The graphics commands were entirely backwards compatible, the sound less so; for example, the ENVELOPE keyword from BASIC V onwards is a command that takes fourteen numeric parameters and effectively does nothing— as in older versions, it calls OS_Word 8, but that does nothing on RISC OS. The in-line 6502 assembler was replaced by an ARM assembler. BASIC V was said, by Acorn, to be "certainly the fastest interpreted BASIC in the world" and "probably the most powerful BASIC found on any computer".

BASIC VI is a version of BASIC V that supports IEEE 754 8-byte format real numbers, as opposed to the standard 5-byte format introduced in BASIC I.

BBC BASIC V and VI were delivered as standard on the Acorn Archimedes and the RiscPC. A version of BBC BASIC V was also available to run on the ARM second processor for the BBC Micro.

A compiler for BBC BASIC V was produced by Paul Fellows, team leader of the Arthur OS development, called the Archimedes BASIC Compiler and published initially by DABS Press.

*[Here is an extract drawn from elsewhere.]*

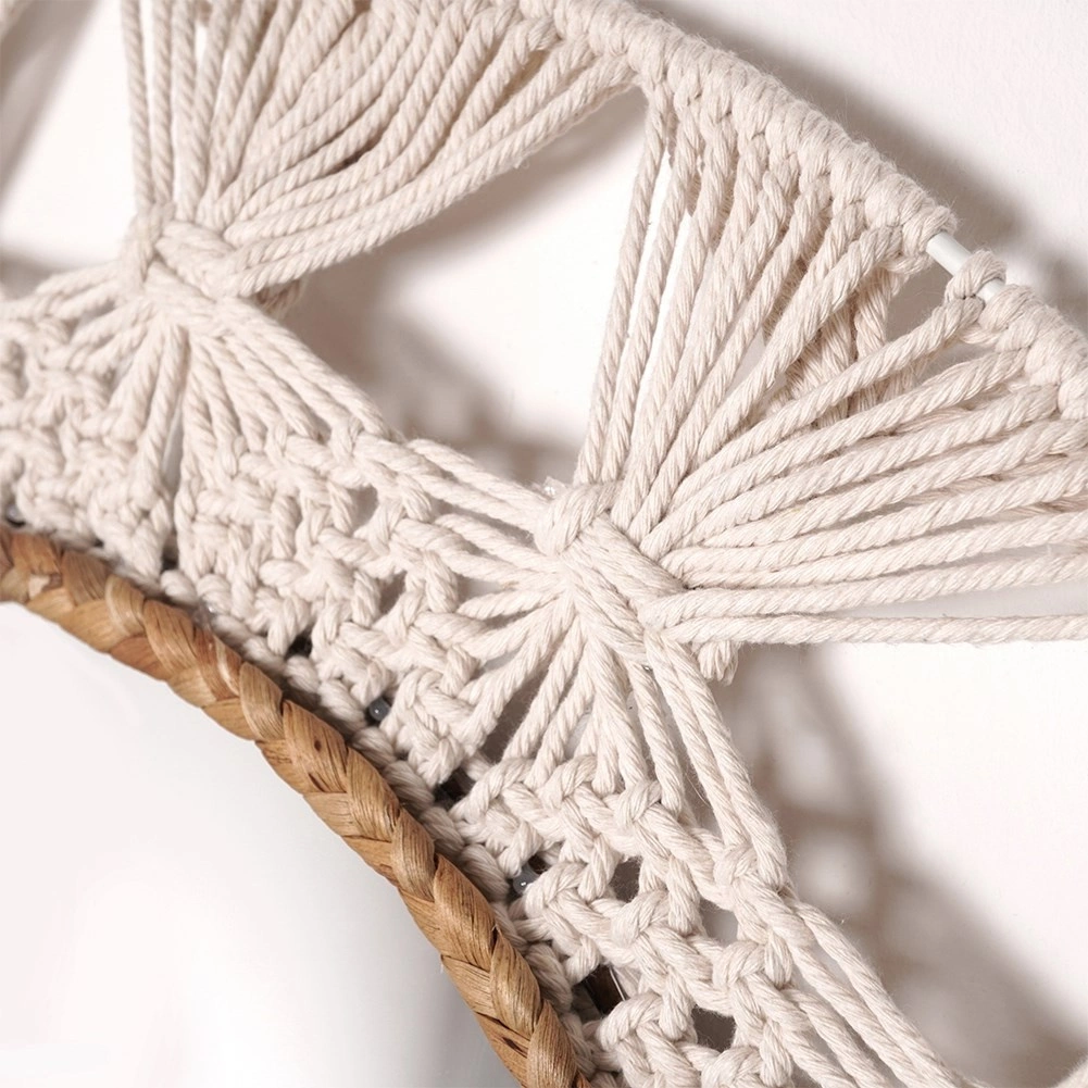 Ovo dizajnersko ogledalo odličan je izbor za dnevni boravak, hodnik i spavaću sobu. Kombinacija prirodnih materijala i ručno rađene pletenine stvara efektan okvir koji će postati upečatljiv element uređenja u boho, rustikalnim i modernim interijerima.
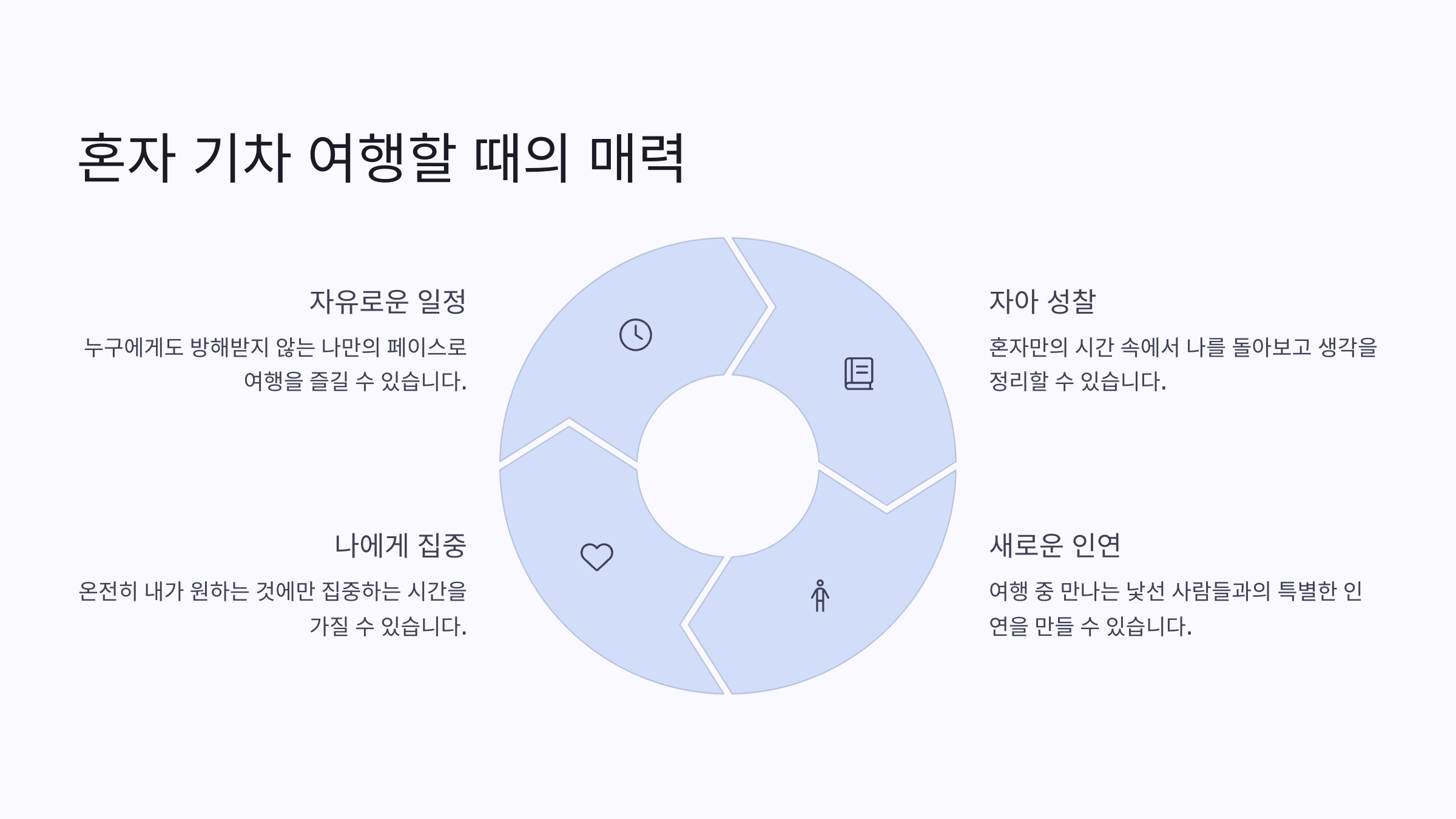 누구와도 이야기하지 않아도 괜찮고, 아무것도 하지 않아도 지루하지 않은 게 혼행의 진짜 매력이에요. 타인의 시선에서 벗어나 나 자신을 오롯이 마주할 수 있는 순간이 바로 혼자만의 기차 여행 속에 있답니다.

ABC was able to implement almost all of the language, with the obvious exception of the EVAL function, which inevitably required run-time programmatic interpretation. As evidence of its completeness, it was able to support in-line assembler syntax. The compiler was written in BBC BASIC V. The compiler (running under the interpreter in the early development stages) was able to compile itself, and versions that were distributed were self-compiled object code. Many applications initially written to run under the interpreter benefitted from the performance boost that this gave, putting BBC BASIC V on a par with other languages for serious application development.

Other platforms
BBC BASIC has also been ported to many other platforms.

A NS32016 version of BBC BASIC was supplied with the Acorn 32016 coprocessor and Acorn ABC.

In addition to the version of BBC BASIC supplied with the BBC Micro's Zilog Z80 Second processor, a Z80-based version of BBC BASIC also exists for CP/M-based systems.  
A Zilog Z80 version of BBC BASIC was also used on the Tiki 100 desktop computer, Cambridge Z88 portable and the Amstrad NC100 Notepad and Amstrad NC200 Notebook computers. This version has been implemented on the TI-83 Plus and TI-84 Plus series graphing calculators. Due to efforts of J. G. Harston (also responsible for a PDP-11 version) a version of BBC BASIC for the Sinclair ZX Spectrum was released in January 2002, with many improvements made in subsequent releases.

For PC-based systems, BBC BASIC was also implemented for DOS as BBCBASIC (86), which aimed for maximum compatibility with the BBC Micro, and BBasic, which concentrated on the BASIC language, with its own enhancements based on BASIC II.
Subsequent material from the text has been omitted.